### What needs to be done
Omit all pictures. Reproduce exactly the lines from the first line of the records below through the line with "아티장 깔조네버거는 서울".

Stored data
----

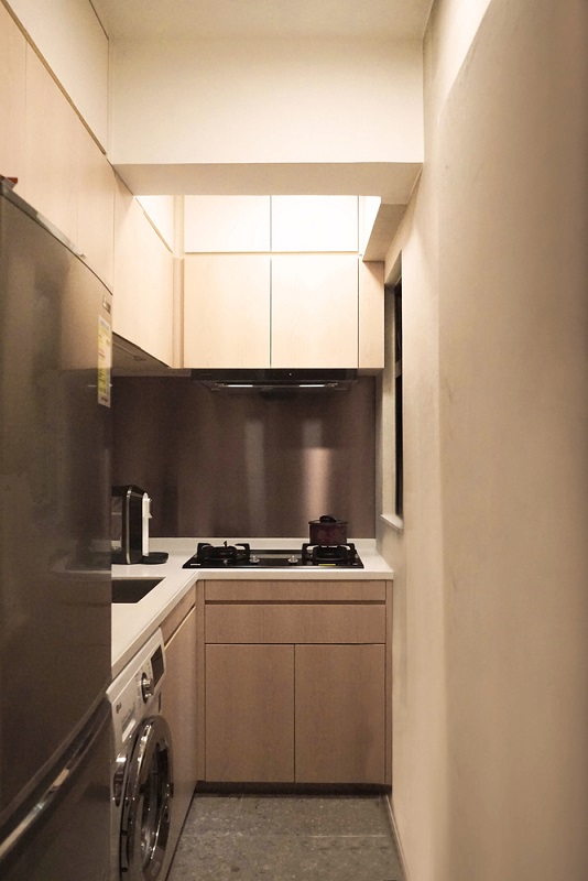 Seolah tidak ingin menyia-nyiakan ruang yang ada, bagian atas pintu masuk pun juga dijadikan lemari yang bersambung dengan ruang makan. Lalu, untuk dapurnya sendiri, turut dilengkapi dengan mesin cuci yang kerap dilakukan di apartemen, yaitu menggabungkan area memasak dengan laundry guna menghemat ruang.
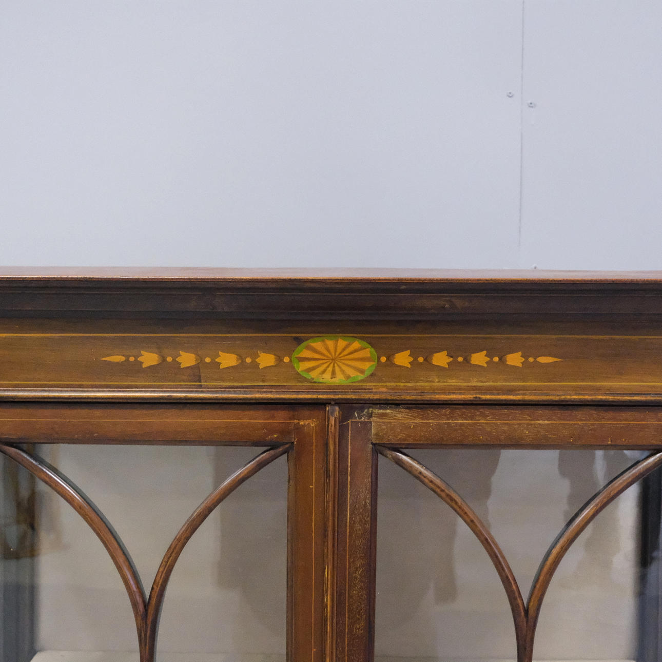Mahogni, intarsia og delvis glasdøre.
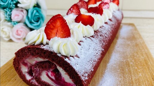 Рулет Красный бархат .Нежный и вкусный с клубничным конфи
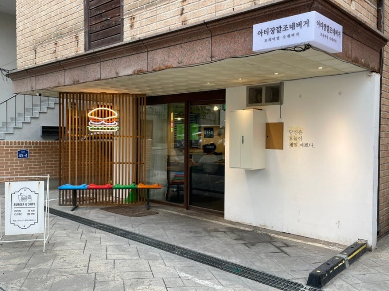 아티장 깔조네버거는 서울 마포구 상수동에 위치해 있어요. 이곳은 깔조네를 버거 번 대신 사용한 독특한 퓨전 버거를 제공하는 곳으로, 수제버거의 새로운 매력을 느낄 수 있는 곳이에요. 외관은 현대적인 디자인으로, 나무 슬랫과 벽돌이 조화를 이루고 있어요. 입구에는 화려한 네온사인과 함께 메뉴가 적힌 화이트 간판이 있어요.
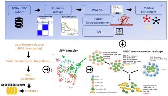 The objective of this study was to examine the immune subtypes of head and neck cancer and to construct molecular evolutionary profiles of these immune subtypes to explore the tumor microenvironmental features and validate their reproducibility in independent cohorts. By performing consistent clustering using immune-related genes, we identified three immune subtypes and five immune-related functional modules. Each immune subtype corresponds to a different clinical, molecular and cellular characteristic. We found that each of the three immune subtypes was associated with different gene expression patterns, molecular and cellular features, and clinical outcomes. Our findings have unveiled the distribution characteristics of the complex tumor microenvironment in HNSC patients and have provided insight into the molecular evolution of tumors. The workflow of this study is shown in Figure 1.
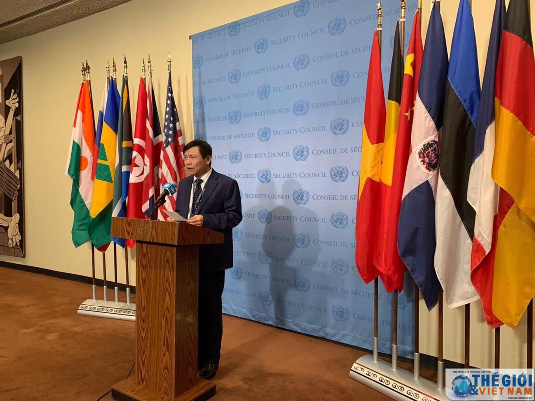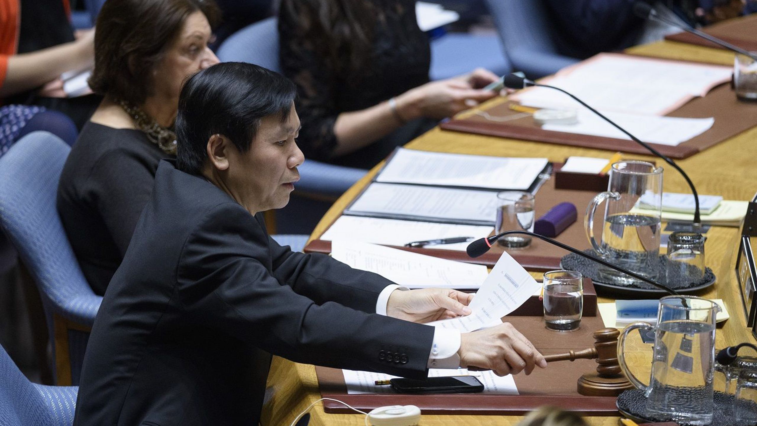 越南常驻联合国代表团团长邓廷贵大使主持联合国安理会的一场会议。(图片来源:世界与越南报)
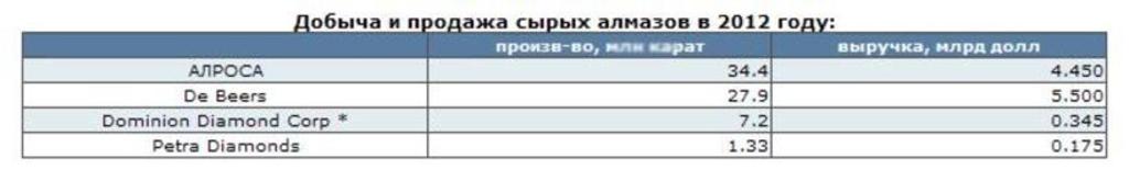 De Beers - единственная не торгуемая на бирже компания, но акции других: Petra Diamonds и АЛРОСА, торгуются в Лондоне и на Московской бирже соответственно. С начала года, акции АЛРОСА прибавили в цене более 7%, а Petra Diamonds - более 4%. Акции Dominion Diamond торгуются на канадской бирже в Торонто, и их слабо отрицательная динамика не может служить показателем для рынка, так как они еще находятся под влиянием сделки, заключенной в начале года между Harry Winston и Swatch *.

----

### Result of the exercise
 Seolah tidak ingin menyia-nyiakan ruang yang ada, bagian atas pintu masuk pun juga dijadikan lemari yang bersambung dengan ruang makan. Lalu, untuk dapurnya sendiri, turut dilengkapi dengan mesin cuci yang kerap dilakukan di apartemen, yaitu menggabungkan area memasak dengan laundry guna menghemat ruang.
Mahogni, intarsia og delvis glasdøre.
 Рулет Красный бархат .Нежный и вкусный с клубничным конфи
 아티장 깔조네버거는 서울 마포구 상수동에 위치해 있어요. 이곳은 깔조네를 버거 번 대신 사용한 독특한 퓨전 버거를 제공하는 곳으로, 수제버거의 새로운 매력을 느낄 수 있는 곳이에요. 외관은 현대적인 디자인으로, 나무 슬랫과 벽돌이 조화를 이루고 있어요. 입구에는 화려한 네온사인과 함께 메뉴가 적힌 화이트 간판이 있어요.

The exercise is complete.